Recorded information:

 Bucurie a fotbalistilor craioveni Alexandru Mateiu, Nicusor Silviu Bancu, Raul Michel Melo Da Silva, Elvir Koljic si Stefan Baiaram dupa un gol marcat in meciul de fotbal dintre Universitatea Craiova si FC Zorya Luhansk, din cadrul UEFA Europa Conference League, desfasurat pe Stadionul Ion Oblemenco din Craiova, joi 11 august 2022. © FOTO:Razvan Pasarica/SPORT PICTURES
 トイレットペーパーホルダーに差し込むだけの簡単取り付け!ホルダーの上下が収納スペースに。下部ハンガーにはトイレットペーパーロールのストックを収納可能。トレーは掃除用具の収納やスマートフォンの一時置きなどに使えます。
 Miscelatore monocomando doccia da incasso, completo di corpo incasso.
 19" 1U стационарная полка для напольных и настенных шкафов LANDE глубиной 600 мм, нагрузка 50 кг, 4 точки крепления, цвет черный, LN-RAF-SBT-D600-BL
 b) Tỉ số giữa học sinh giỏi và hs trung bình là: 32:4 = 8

* * *

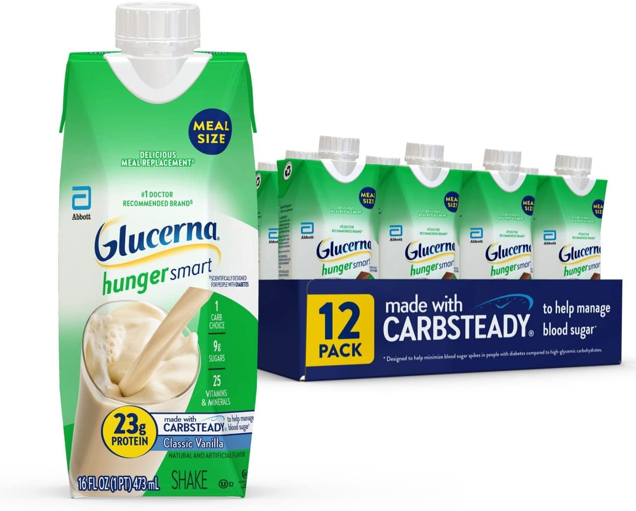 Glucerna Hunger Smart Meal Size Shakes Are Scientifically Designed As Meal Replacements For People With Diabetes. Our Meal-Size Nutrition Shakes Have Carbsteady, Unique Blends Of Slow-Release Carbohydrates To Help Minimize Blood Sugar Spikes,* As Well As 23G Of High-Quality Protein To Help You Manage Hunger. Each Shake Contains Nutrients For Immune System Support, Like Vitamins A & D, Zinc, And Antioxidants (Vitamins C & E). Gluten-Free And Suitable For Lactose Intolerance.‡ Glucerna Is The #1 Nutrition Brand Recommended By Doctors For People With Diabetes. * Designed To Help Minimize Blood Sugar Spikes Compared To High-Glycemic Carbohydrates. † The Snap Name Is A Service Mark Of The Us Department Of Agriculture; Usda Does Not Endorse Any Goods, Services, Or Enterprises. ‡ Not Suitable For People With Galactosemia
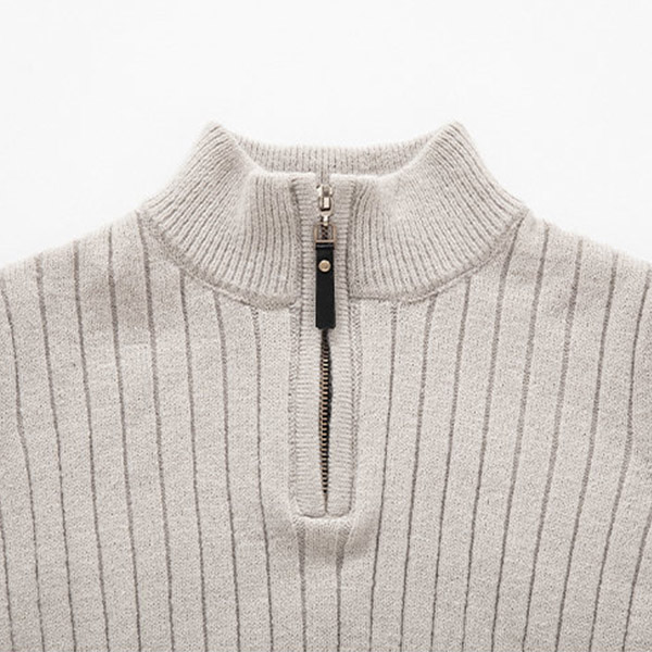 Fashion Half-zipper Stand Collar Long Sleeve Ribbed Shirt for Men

...

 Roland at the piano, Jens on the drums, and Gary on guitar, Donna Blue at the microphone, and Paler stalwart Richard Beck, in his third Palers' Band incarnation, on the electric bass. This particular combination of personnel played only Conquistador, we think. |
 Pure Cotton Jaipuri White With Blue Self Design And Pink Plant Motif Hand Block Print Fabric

What to produce:
Using the data above, extract exactly the lines from the one that holds "Bucurie a fotbalistilor" to the one that holds "b) Tỉ số giữa", both ends included, and no others.

Worked solution:
 Bucurie a fotbalistilor craioveni Alexandru Mateiu, Nicusor Silviu Bancu, Raul Michel Melo Da Silva, Elvir Koljic si Stefan Baiaram dupa un gol marcat in meciul de fotbal dintre Universitatea Craiova si FC Zorya Luhansk, din cadrul UEFA Europa Conference League, desfasurat pe Stadionul Ion Oblemenco din Craiova, joi 11 august 2022. © FOTO:Razvan Pasarica/SPORT PICTURES
 トイレットペーパーホルダーに差し込むだけの簡単取り付け!ホルダーの上下が収納スペースに。下部ハンガーにはトイレットペーパーロールのストックを収納可能。トレーは掃除用具の収納やスマートフォンの一時置きなどに使えます。
 Miscelatore monocomando doccia da incasso, completo di corpo incasso.
 19" 1U стационарная полка для напольных и настенных шкафов LANDE глубиной 600 мм, нагрузка 50 кг, 4 точки крепления, цвет черный, LN-RAF-SBT-D600-BL
 b) Tỉ số giữa học sinh giỏi và hs trung bình là: 32:4 = 8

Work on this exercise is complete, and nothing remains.